These are the voyages of....
I'm sure the staff at who are being laid off by another of the bearded wonder's companies, Virgin Atlantic, will be especially pleased to hear this. Was there any comment from him on his private Caribbean Island?
Virgin Orbit is set to fling a first payload to orbit with its Boeing 747-mounted LauncherOne. The first launch opportunity will come on Sunday 24 May, with another the following day. The window for dropping LauncherOne is substantial: from 17:00 to 21:00 GMT. It has been a while coming. By the company's own estimates it has …
'We note in the company's press kit that its founder, beard aficionado Sir Richard Branson, is described as an "adventure" – which is also an apt term for a journey on one of his trains. '
Beardie doesn't operate trains any more - we've decided the Italians should have a go at running the West Coast; presumably someone in the DoT heard the aphorism about Mussolini getting the trains to run on time and thought that was good enough.
He's still leaching off the taxpayer though - right now trying to get Cornwall County Council to stop funding fripperies such as schools and public transport so money can be siphoned into his spaceport in Newquay.
But it does need a 10000ft runway for the 747, a trained crew to fly it, and someone to serve them fish ...
The life of everyone on board depends upon just one thing: finding someone back there who can not only fly this plane, but who didn't have fish for dinner.
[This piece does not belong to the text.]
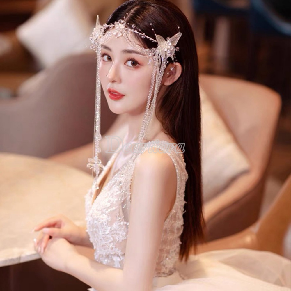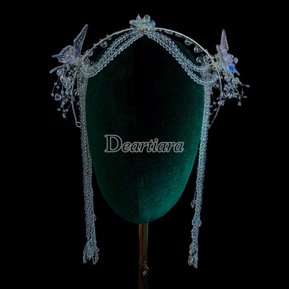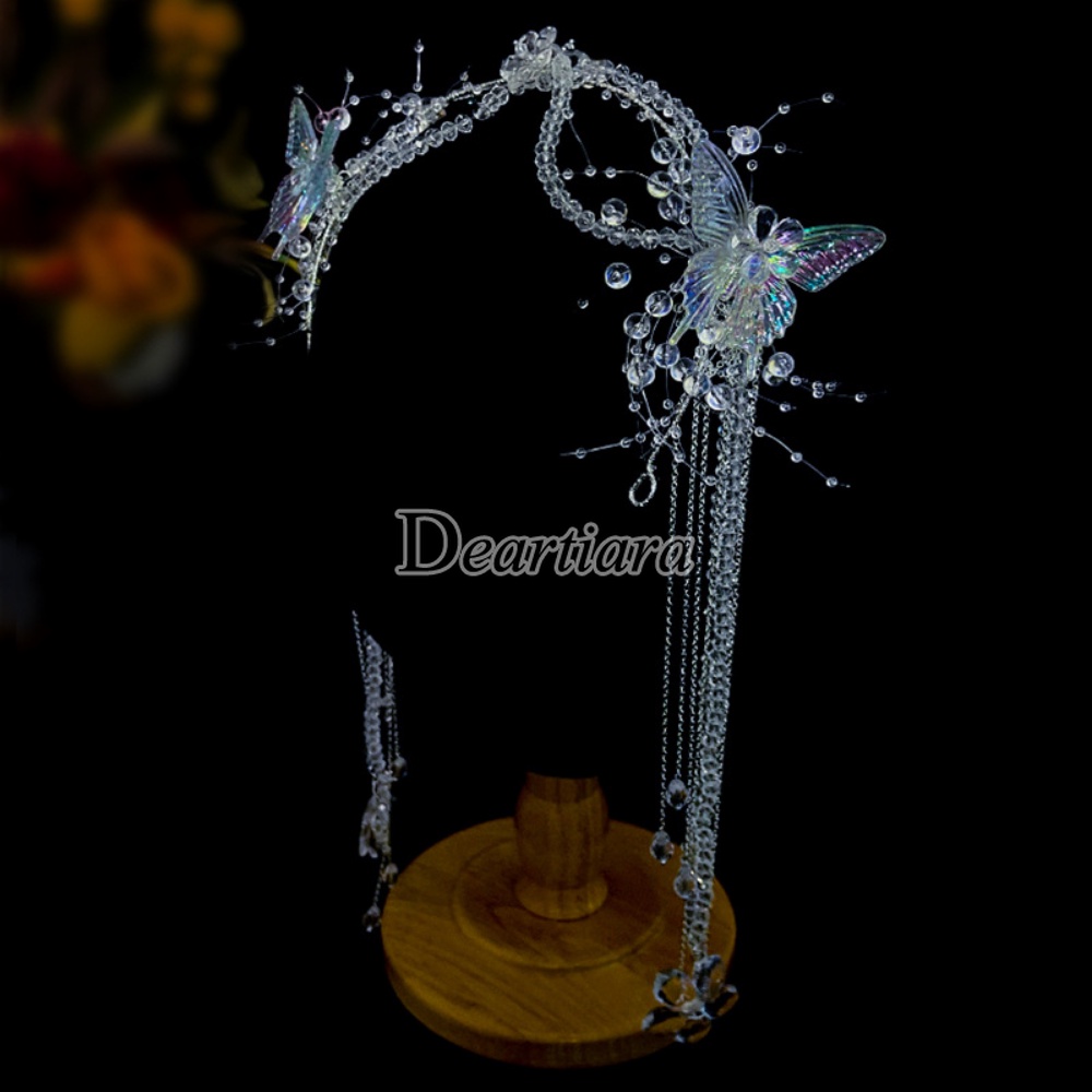 ที่คาดผม ประดับลูกปัดคริสตัล และพู่ยาว แฮนด์เมด สําหรับเจ้าสาว

Considering this is basically a American company, probably staffed almost entirely by Americans, this all sounds very typically self-effacingly British. Hey, we built this thing, it might work, it might not, but we'll give a jolly good try and if it doesn't work, well hey ho, we'll have another go. We've even got a spare rocket in the hanger just in case. (Although that last, spending real money on a plan B is a bit more American than the more typically British shoe-string, garden shed budget.)
Still, I wish them luck. The more the merrier.